Auto et Mobile, gros enjeux et bagarre de titans

A en juger par le nombre de voitures installées sur les stands et dans les allées du MWC2015, cette année semble démontrer que l‘industrie automobile accélère sur la mobilité…

En plus de quelques annonces dont Renault et Apple, et de leur effet recherché, des réflexions technologiques sérieuses sont engagées avec les opérateurs téléphoniques mobiles, à travers leur association GSMA, pour tenter de définir des standards qui permettraient d’unifier et élargir le marché… Par exemple les débats techniques autour de la SIM embarquée (embedded SIM) pour définir une norme permettant au constructeur automobile de proposer des voitures connectées dans tous les pays, une offre nécessairement indépendante de tel ou tel opérateur mobile dans tel ou tel pays, ont montré l’étendue des difficultés techniques (sécurité, authentification, autorisation distante) comme des difficultés d’intégration et de standardisation-réglementation posées. On sent une certaine maturité des réponses technologiques proposées.

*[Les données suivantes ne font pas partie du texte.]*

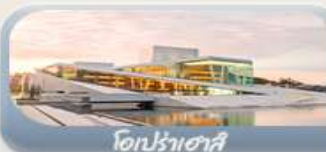
โตปราคาเซีย

เดินทาง 11-19 มิ.ย. 69 / 23-31 ก.ค. 69 / 05-13 ส.ค. 69 / 03-11 ก.ย. 69 / 24 ก.ย.-02 ต.ค.69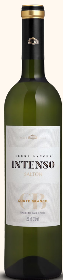
SALTON INTENSO CORTE BRANCO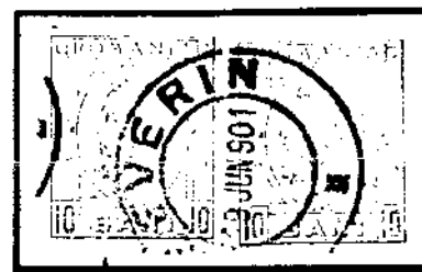
Type I/I, ohne Wz. rot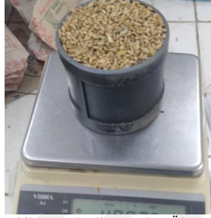
Şekil 3.5.Hektolitre ağırlığı Ölçümü

Hektolitre ağırlığı (Kg hl -1 ): Bir litrelik hektolitre ölçü kabı kullanılarak, her parsele ait ürün ile tamamen doldurulmuş olan hektolitre kabındaki dane ağırlığı, 100 ile çarpılarak hesaplanmıştır (Şekil 3.5).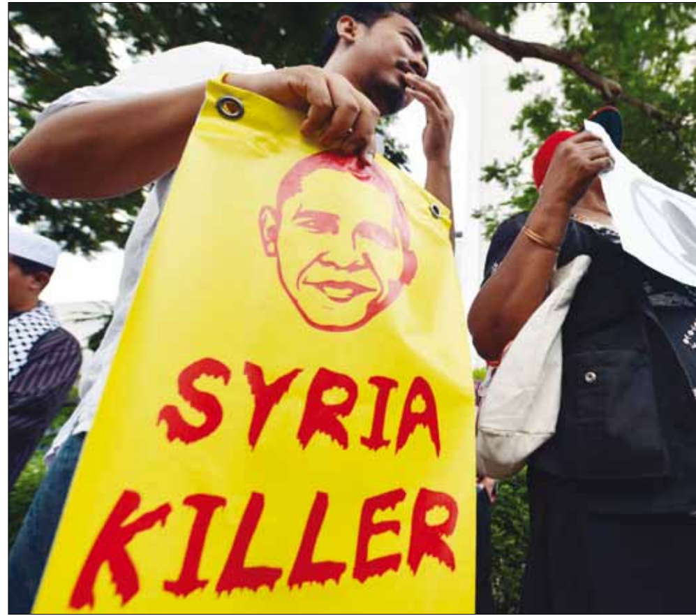
خلال تظاهرة رافضة للعدوان الغربي على سوريا أمام السفارة الأميركية في ماليزيا أمس

أما أبواق أنظمة النفط والغاز في العالم العربي فهي بحكم الجغرافيا مضطّرة لمضغ الكلام الشعبي الرومانيقي (المزيف والمدفوع الثمن) عن الشعب السوري وعن أطفال سوريا (هم أنفسهم الذين يتحدثون عن أطفال سوريا على «فايسبوك» من اللبنانيين الذين كانوا لسنوات خلت يجاهرون بدعوتهم لطرد العمال السوريين من لبنان. هم الذين ينهرون الأطفال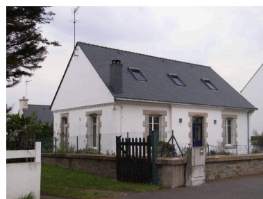
Pignon sud et façade de la villa Avel Braz, côté rue IVR53_20072909063NUCA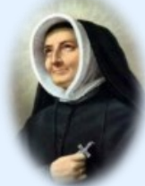
創立者 聖マグダレナ・ソフィア・バラ (1779-1865 フランス)

聖心会は聖マグダレナ・ソフィア・バラが1800年にフランスで創立した、教育を使命とするカトリック女子修道会です。イエスの聖心（みこころ）の愛に根ざして一人ひとりが「かけがえのない存在」として成長すること、また、この世界が「命へのあたたかいまなざし」に満ちた場となることを願って、世界41ヶ国に広がる約1,500人の会員が、様々な教育的分野で活動しています。

Mais les problèmes ne sont pas que technologiques, ils sont aiguisés par la concurrence commerciale pour attirer et conserver le consommateur-conducteur-abonné mobile. Entre le constructeur automobile et l’opérateur mobile, lequel des deux apportera le plus de valeur, aux yeux du conducteur-abonné ? On voit ainsi pointer une concurrence nouvelle entre constructeur automobile et opérateur mobile. L’opérateur telecom par exemple souhaite défendre, jusque dans le véhicule, sa valeur ajoutée, et ne souhaite pas être interchangeable aux yeux du consommateur comme auprès du constructeur automobile… Le constructeur automobile ne souhaite pas devenir le fournisseur banalisé d’un objet de transport dont la connectivté et les nouveaux services perçus à haute valeur, seraient fournis par d’autres… Et il ne peut pas non plus, suivre le rythme effréné des mises à jour de l'industrie électronique...

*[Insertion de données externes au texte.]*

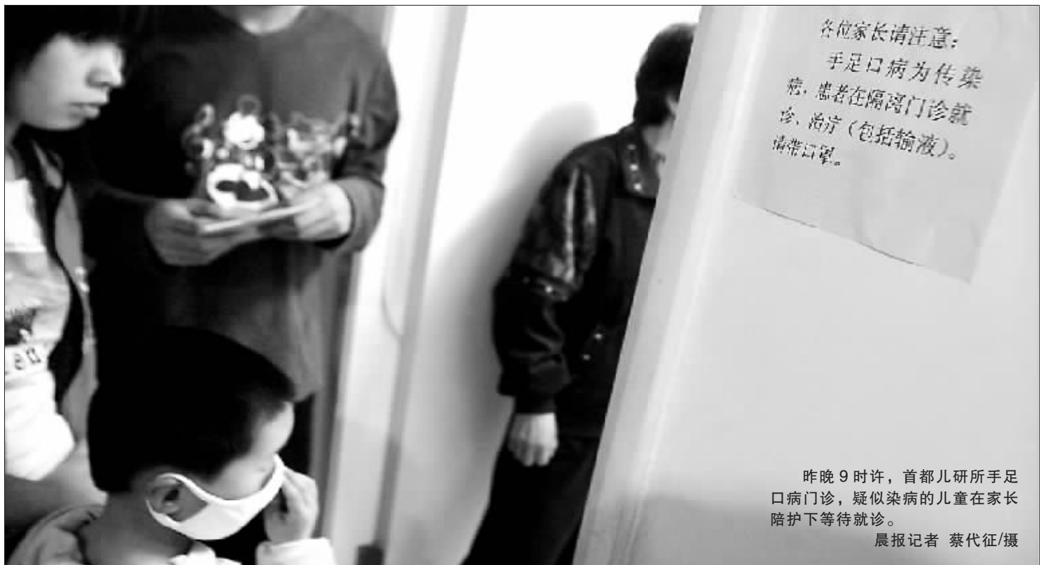
昨晚9时许,首都儿研所手足口门诊,疑似染病的儿童在家长陪护下等待就诊。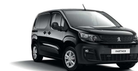
XYP0 - CRNA ONYX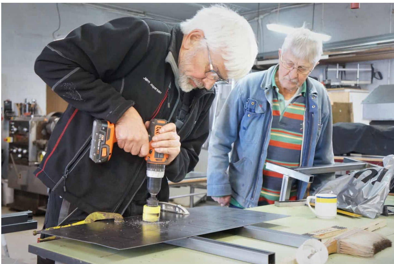
Der skal bores huller til vinduer, så insekterne let kan finde vej ind i ly og læ.

Han lover, at i hvert fald fire ud af ni hoteller nok skal nå at blive klar.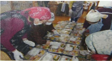
年3~4回婦人部による実施される高齢者への食事支援です。

役員は、「美しく安全で楽しいまちづくり」のために尽力し、役員以外でも、町内会活動に熱心に取り組んでくださる方が多くとても恵まれています。一方で、特定の方に頼り過ぎない業務分担の必要性も考えています。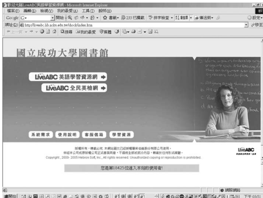
圖十三 LiveABC 全民英檢網、LiveABC 英語學習資源網首頁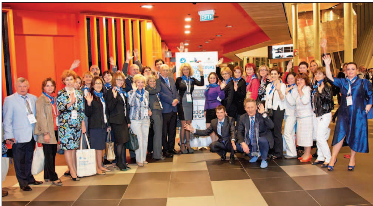
Делегация педиатров России с коллегами из Украины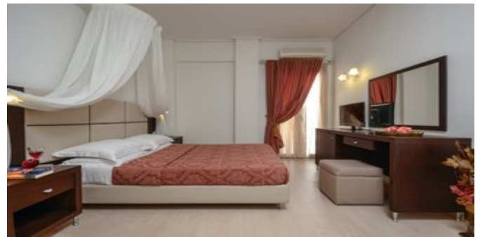
Wohnbeispiel Superior Zimmer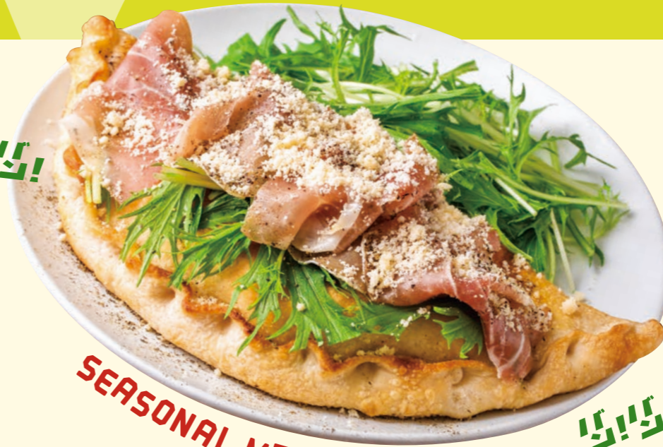
SEASONAL MENU No.2

Le compromis actuel est que la SIM embarquée, est soudée au véhicule, utilise le réseau d’un opérateur mobile choisi par le constructeur automobile et non par le client. C’est un compromis qui, au delà de son aspect pratique, arrangerait bien, on le voit, ces deux industries.

A moins que de nouveaux entrants, à la Tesla, Google ou Apple, alliés pour le coup aux fabricants de tablettes et équipementiers, ne viennent démolir ce compromis en proposant de passer par la SIM du conducteur, et ouvrir à tous les services et applications déjà développés dans le Cloud… 

Les grandes manoeuvres ne font que commencer... A suivre.